Hodges thinks of saying There are none so blind as those who will not see, and shrugs instead.
Holly has contributed nothing to the discussion so far, has just sat behind the wheel of her big boat of a car, arms crossed over her bosom, fingers tapping lightly at her shoulders. Now she turns to Hodges, who is sprawled in the backseat. "Did you ask Peter about the notebook?"
"I never got a chance," Hodges says. Holly's got a bee in her hat about that notebook, and he should have asked, just to satisfy her, but the truth is, it never even crossed his mind. "He decided to go, and boogied. Wouldn't even take my card."

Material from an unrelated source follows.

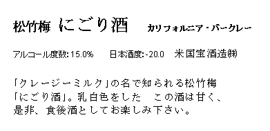 Historically a Samurai's Sake. Also call "Crazy Milk".

Holly points to the school. "I think we should talk to Ricky the Hippie before we leave." And when neither of them replies: "Peter's house will still be there, you know. It's not going to fly away, or anything."
"Guess it wouldn't hurt," Jerome says.
Hodges sighs. "And tell him what, exactly? That one of his students found or stole a stack of money and doled it out to his parents like a monthly allowance? The parents should find that out before some teacher who probably doesn't know jack-shit about anything. And Pete should be the one to tell them. It'll let his sister off the hook, for one thing."